→ What you will do
The expected result is the full listing, retyped exactly, without a single picture.

→ Data shown
• • • • •

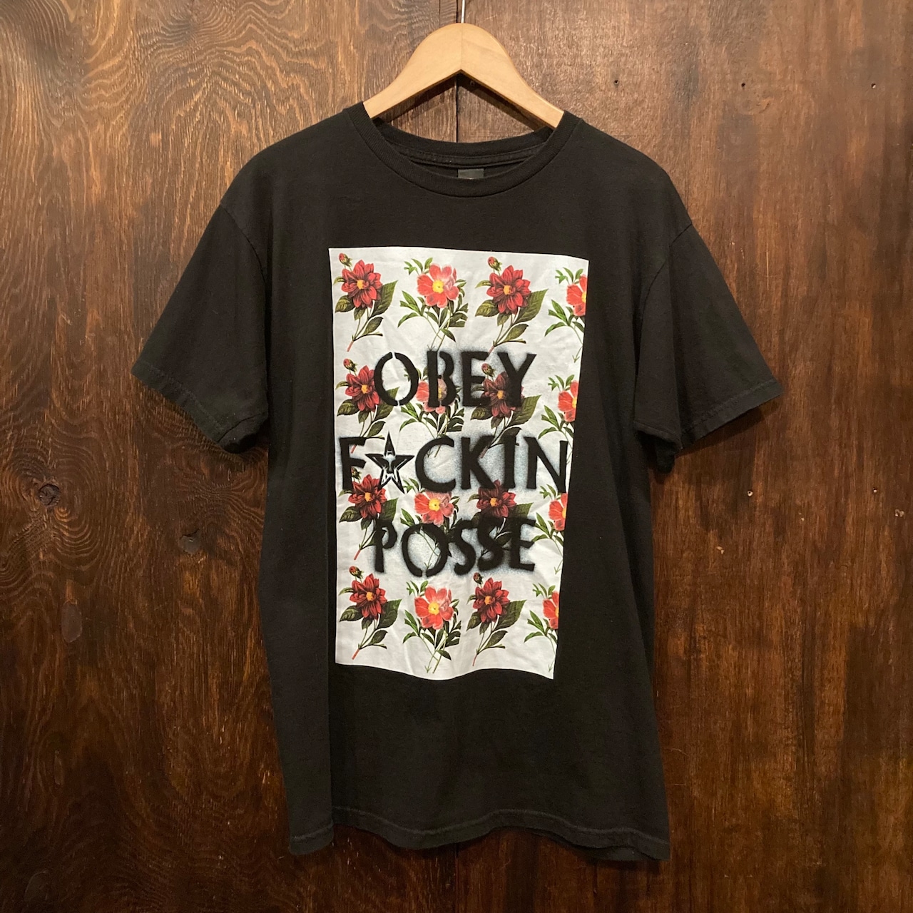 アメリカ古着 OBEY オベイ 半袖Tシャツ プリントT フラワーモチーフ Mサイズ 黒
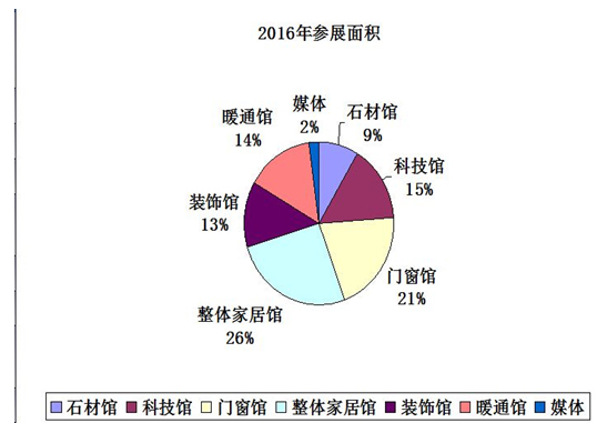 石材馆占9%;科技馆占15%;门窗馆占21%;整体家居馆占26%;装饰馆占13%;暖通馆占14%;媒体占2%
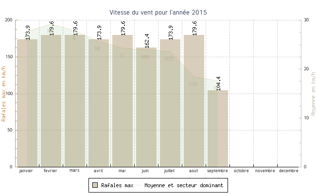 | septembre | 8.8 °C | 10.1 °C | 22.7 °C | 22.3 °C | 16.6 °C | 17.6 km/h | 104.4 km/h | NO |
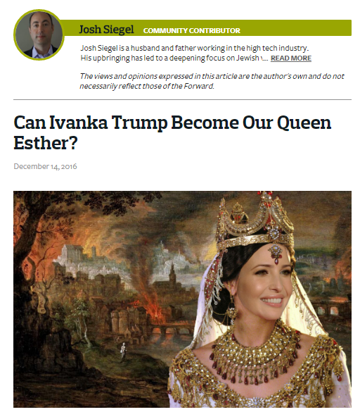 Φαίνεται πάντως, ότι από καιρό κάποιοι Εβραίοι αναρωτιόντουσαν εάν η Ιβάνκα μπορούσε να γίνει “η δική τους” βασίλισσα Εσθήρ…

• • • • •

→ Exercise result
 アメリカ古着 OBEY オベイ 半袖Tシャツ プリントT フラワーモチーフ Mサイズ 黒
 石材馆占9%;科技馆占15%;门窗馆占21%;整体家居馆占26%;装饰馆占13%;暖通馆占14%;媒体占2%
 | septembre | 8.8 °C | 10.1 °C | 22.7 °C | 22.3 °C | 16.6 °C | 17.6 km/h | 104.4 km/h | NO |
 Φαίνεται πάντως, ότι από καιρό κάποιοι Εβραίοι αναρωτιόντουσαν εάν η Ιβάνκα μπορούσε να γίνει “η δική τους” βασίλισσα Εσθήρ…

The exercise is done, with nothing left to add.